*Task to complete*. Retype exactly the lines below, starting with the line that contains "vidaXL 3-dielna záhradná" and ending with the last line; leave out any pictures.

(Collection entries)
------------------------------------------------
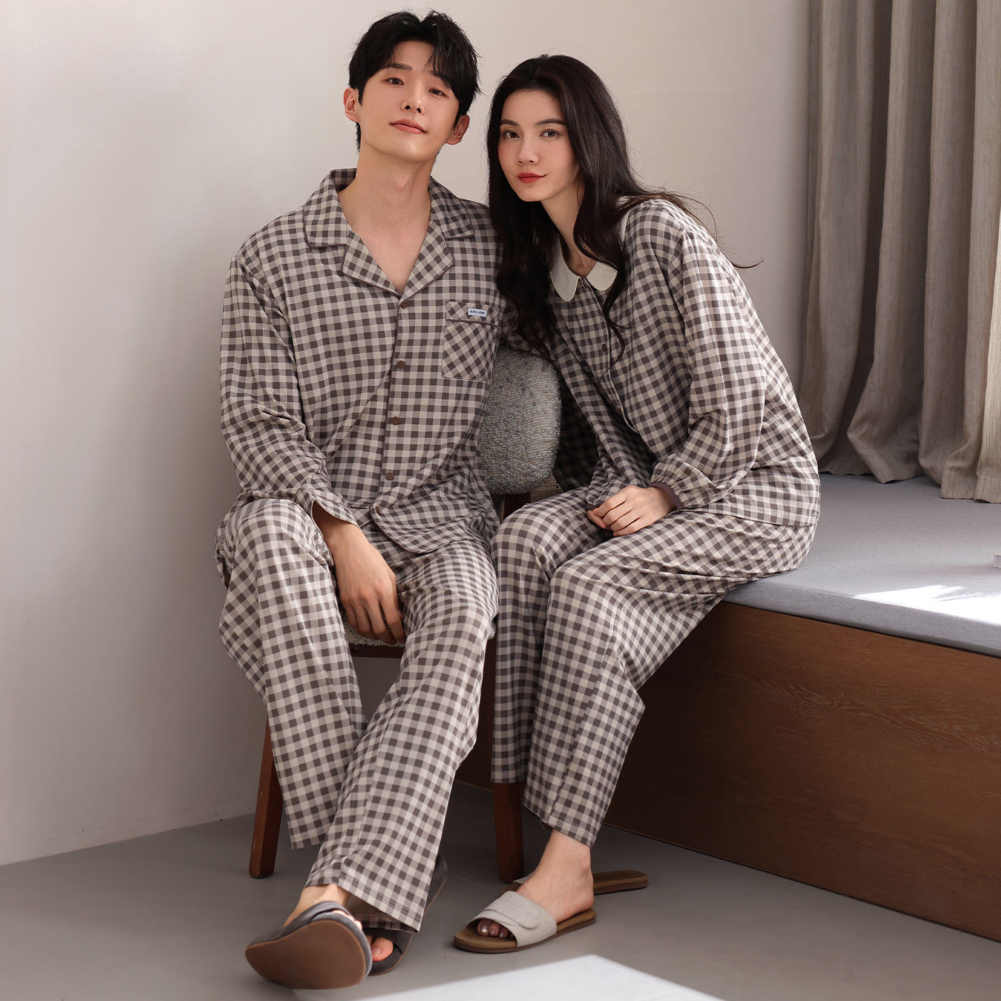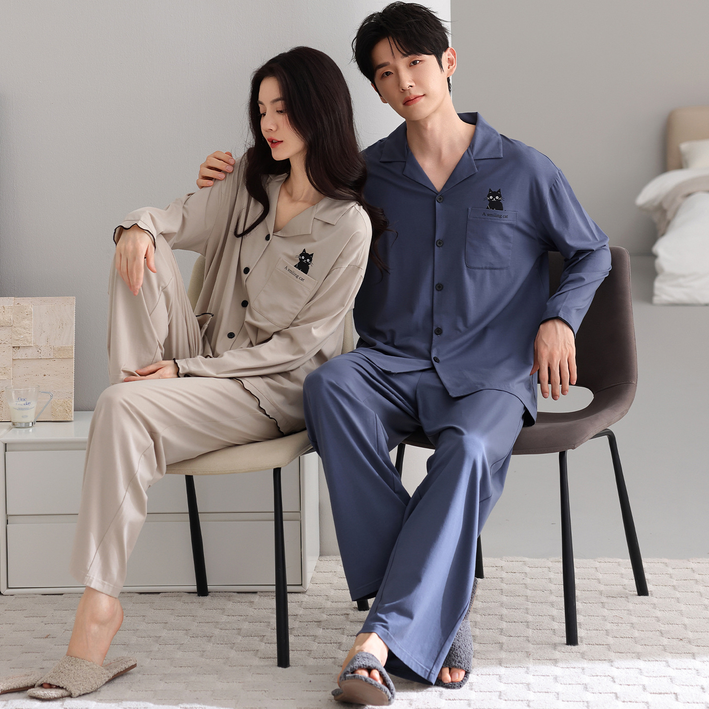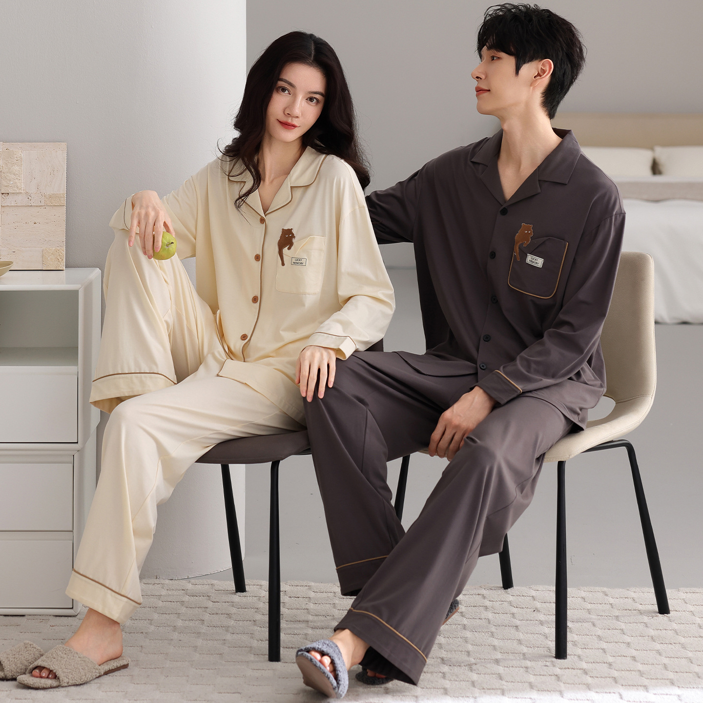 2025 새로운 커플 잠옷 봄과 가을 순수 코튼 캐주얼 홈웨어 옷깃 긴 소매 라이트 럭셔리 스타일 코튼 투피스 세트스토어 가기
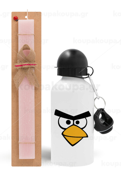 Angry birds eyes, Easter Set, metallic aluminum bottle (500ml) & aromatic flat Easter candle (30cm) (PINK)
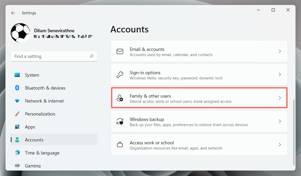- Select Family & other users.
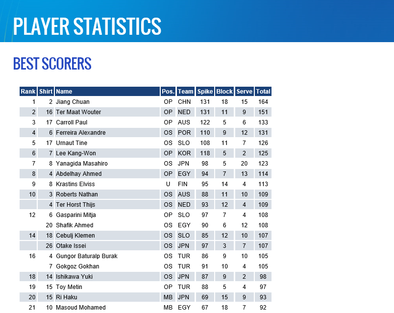 Met een totaal van 151 punten staat Wouter ter Maat voorlopig tweede in het klassement van topscorers van groep twee van de World League. De Nederlandse diagonaalspeler - die flink in vorm is - vindt alleen de Chinees Jiang Chuan boven zich.
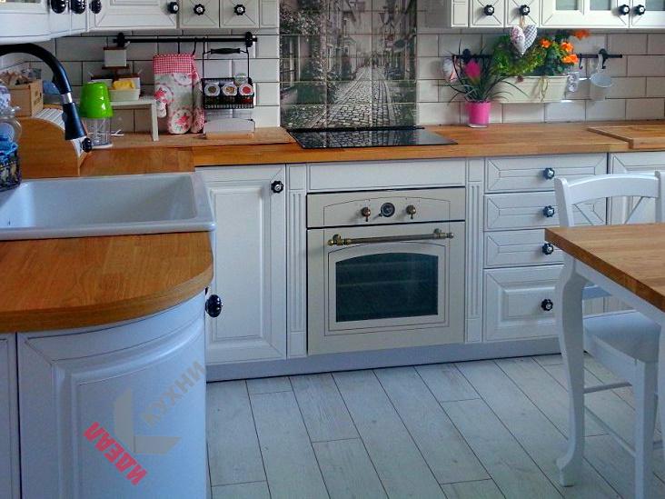 Однотонный древесный цвет фасадов из ЛДСП. Ширина кухни 200 см.
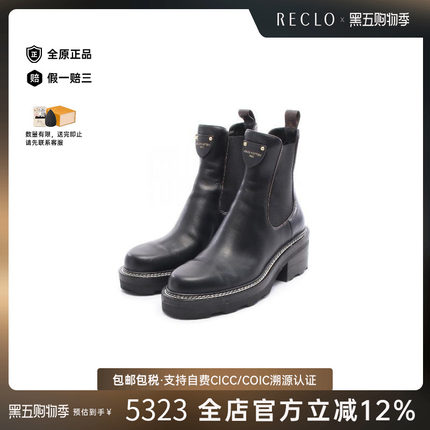 中古LV路易威登女A级95新side两边牛皮鞋黑色
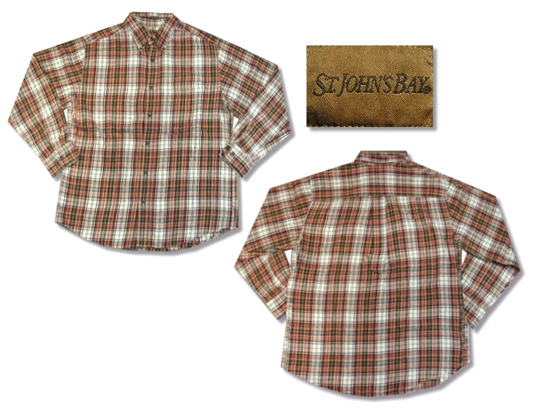 ST JOHN'S BAY ネルシャツです。素材はコットン100% 着用感はありますが、特に目立ったダメージはありません。
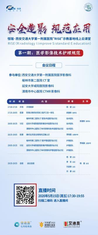 在新冠疫情进入常态化管理的当下,为了提高业务水平,加快推动重点专科发展,避免线下人员聚集,2020年5月15日下午西安交通大学第一附属医院影像科、榆林市第二医院影像中心CT室、延安大学咸阳医院影像科、渭南市中心医院影像科共同开展“安全造影,规范应用”线上云课堂,第一期主题为“医学影像技术护理规范”。
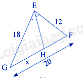 \(\frac{{GH}}{{HF}} = \frac{{EG}}{{FE}}\) hay \(\frac{x}{{20 – x}} = \frac{{18}}{{12}}\)
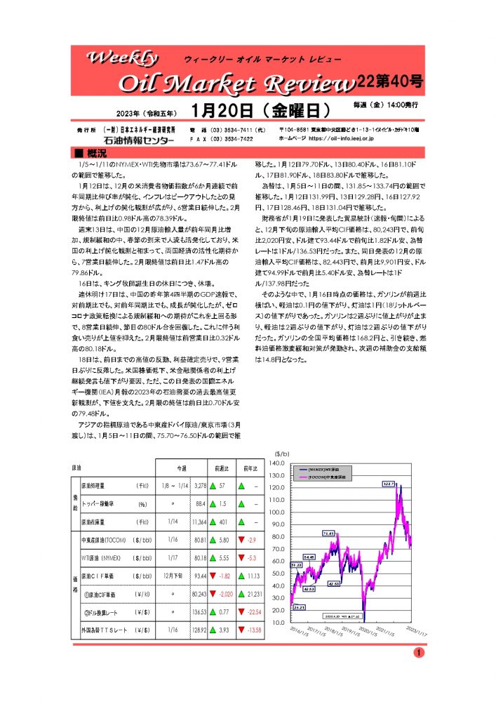 1/5~1/11のNYMEX・WTI先物市場は73.67~77.41ドルの範囲で推移した。1月12日は、12月の米消費者物価指数が6か月連続で前年同期比伸び率が鈍化、インフレはピークアウトしたとの見方から、利上げの鈍化観測が広がり、6営業日続伸した。2月限終値は前日比0.98ドル高の78.39ドル…
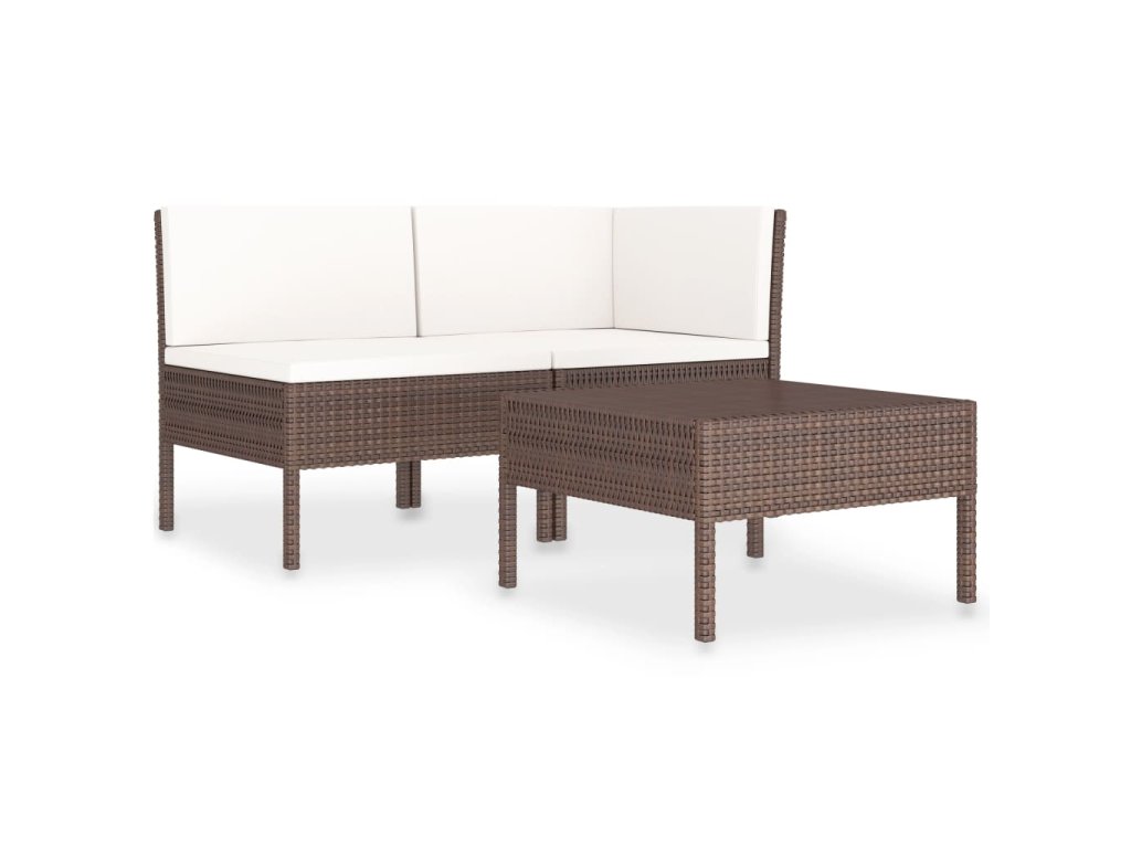 vidaXL 3-dielna záhradná sedacia súprava+podložky, polyratan, hnedá
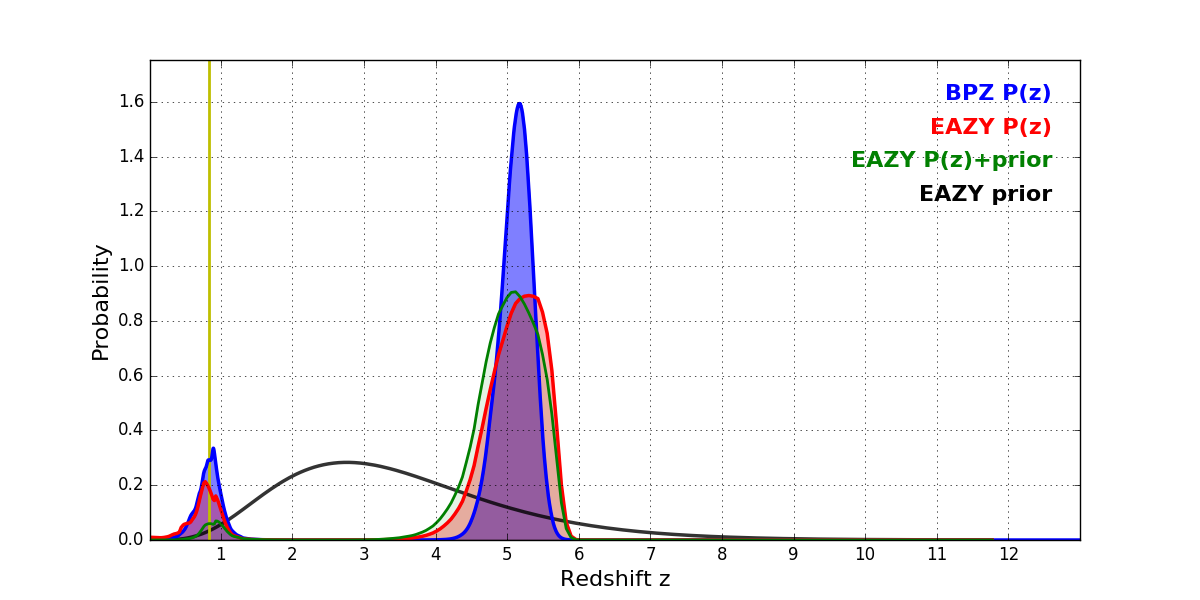 In P(z) plots: Yellow lines mark the cluster redshift z = 0.833,
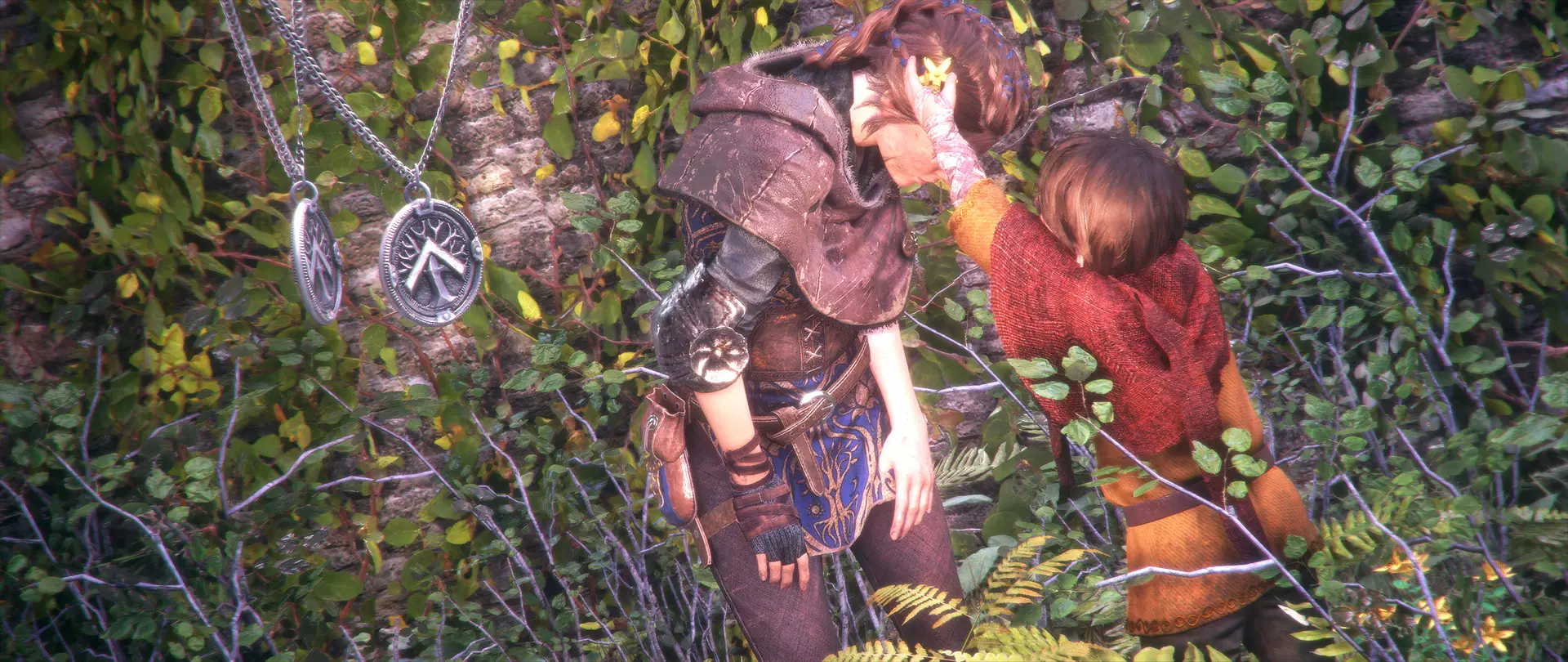 第八章 - 我们的家(巨树) 在阿米西亚和雨果挂好护身符的剧情之后,走向弟弟。他会坐在巨树旁的草地上。
------------------------------------------------
*Result of the task*.
 vidaXL 3-dielna záhradná sedacia súprava+podložky, polyratan, hnedá
 In P(z) plots: Yellow lines mark the cluster redshift z = 0.833,
 第八章 - 我们的家(巨树) 在阿米西亚和雨果挂好护身符的剧情之后,走向弟弟。他会坐在巨树旁的草地上。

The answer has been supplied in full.